Sample_nametable(d$Sample_name)
##
## AWBM-96 AWBM-97 BWBM-100 BWBM-101 DVBM-98 DVBM-99 EBBM-102 EBBM-103
## 28 39 46 28 39 29 62 23
## EBBM-66 EBBM-67 EBBM-68 EBBM-69 EBBM-70 EBBM-71 EBBM-72 EBBM-73
## 35 29 35 51 46 42 39 31
## EBBM-74 EBBM-75 ETBM-01 ETBM-02 GHBM-104 GHBM-105 GHBM-106 GHBM-107
## 32 42 33 40 34 29 43 46
## GHBM-32 GHBM-33 GHBM-34 GHBM-35 GHBM-36 GHBM-37 GHBM-38 GHBM-39
## 36 33 40 29 26 24 39 31
## IBMBM-50 IBMBM-51 JBM-01 JBM-02 JBM-03 JFBM-52 JFBM-53 JFBM-54
## 32 35 24 48 34 16 15 34
## JMBM-10 JMBM-11 JMBM-12 JMBM-14 JMBM-15 JMBM-16 JMBM-17 JMBM-18
## 50 42 38 35 43 40 26 25
## JMBM-19 JMBM-91 JMBM-92 JMBM-93 JMBM-94 JMBM-95 NBBM-20 NBBM-21
## 29 40 31 54 31 40 46 57
## NBBM-22 NBBM-23 NBBM-24 NBBM-25 NBBM-26 NBBM-27 NBBM-28 NBBM-30
## 44 34 28 27 32 46 35 34
## NBBM-31 NBBM-76 NBBM-77 NBBM-78 NBBM-79 NBBM-80 PGBM-01 PGBM-02
## 47 57 30 51 47 55 32 39
## PGBM-03 PGBM-04 PGBM-05 PGBM-06 PGBM-07 PGBM-08 PGBM-09 PGBM-108
## 40 44 35 45 43 48 44 46
## PGBM-109 PGBM-110 SGBM-40 SGBM-41 SGBM-42 SGBM-43 SGBM-44 SGBM-45
## 53 66 38 44 51 39 38 58
## SGBM-46 SGBM-47 SGBM-60 SGBM-61 SGBM-81 SGBM-82 SGBM-83 SGBM-84
## 31 38 34 42 47 47 40 31
## SGBM-85 SGBM-86 SGBM-87 SGBM-88 SGBM-89 SGBM-90 STBM-58 STBM-59
## 33 43 36 64 42 56 56 64
## TGWB-04 TGWB-15 TGWB-20 TGWB-21 TGWB-23 TGWB-24 TGWB-26 TGWB-27
## 32 34 36 48 35 36 38 30
## TGWB-28 TGWB-29 TGWB-30 TGWB-31 TGWB-32 TGWB-34 TGWB-35 WBBM-55
## 32 39 30 38 43 38 44 29
## WBBM-56 WBBM-57
## 61 55
length(table(d$Sample_name))
## [1] 122
122 different samples.
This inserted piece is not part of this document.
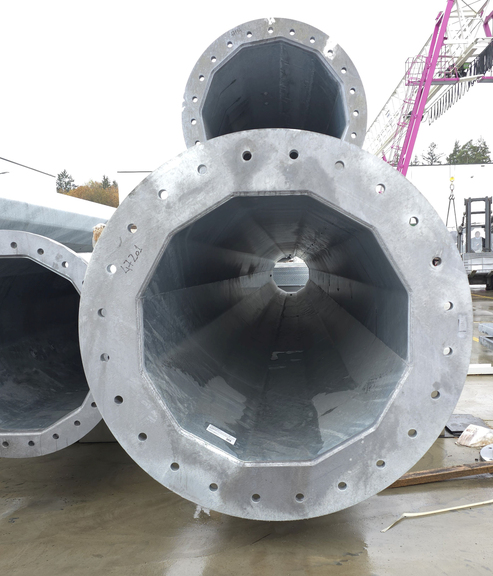 Der Aufbau des EFS8 folgt dem Baukastenprinzip. Das Innenrohr, zwischen 200 und 600 mm in der Abmessung, ist durch Flanschverbindungen druckdicht. Es wird mit einer 50 mm starken, hinterlüfteten Isolierung thermisch und mechanisch vom Außenrohr getrennt. Spezielle Abstandshalter zentrieren das Innenrohr. Das selbsttragende Außenrohr liefert Fuchs Europoles. Es besteht aus hochwertigem Baustahl der Güte S355J2C+N. Damit ist eine hohe Stabilität und Langlebigkeit gegeben. Die beidseitige Tauchfeuerverzinkung nach DIN EN ISO 1461 ergibt eine besondere Korrosionsbeständigkeit – sie ermöglicht eine Montage in Industrieluft oder in Küstenregionen ohne zusätzliche Beschichtung.
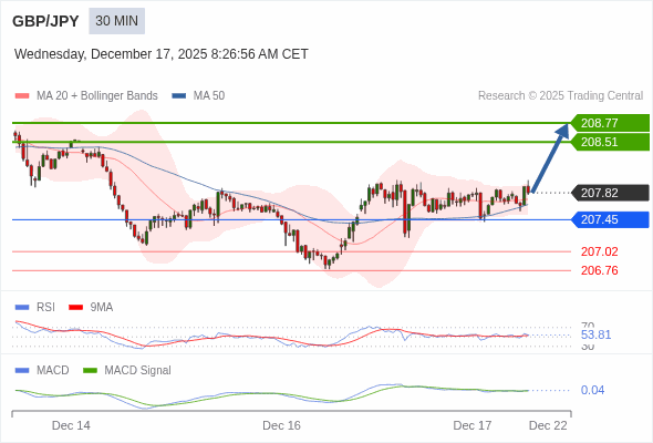 英镑/日元 当日内 : 看涨,当 207.45 为支撑位。

The 4 character code appears to concatenate two different things. Guessing property, and then the 2nd set of 2 vary between BM and WB. Not sure what those are yet.
The number of records per sample varies from around 16 to over 60.
Propertytable(d$Property)
##
## Aweida II Boulder Warehouse Damyanonvich
## 67 74 68
## East Beech Ertl III Gunbarrel Hill
## 467 73 410
## IBM Jafay Jewell Mt.
## 67 65 524
## Joder North Boulder Southern Grasslands
## 106 670 852
## Steinbach Tallgrass West West Rudd
## 120 553 535
## Woods Brothers
## 145
About 16 different properties. Indeed, these seem to correspond the the 1st two characters of the Sample_name.
Some properties have way more observations than others, probably due to an unbalanced distribution of transects (i.e., more transects at West Rudd than IBM). We can check that assumption later.
Yeartable(d$Year)
##
## 2017 2018 2019
## 1641 1553 1602
Three different years, relatively equal number of observations.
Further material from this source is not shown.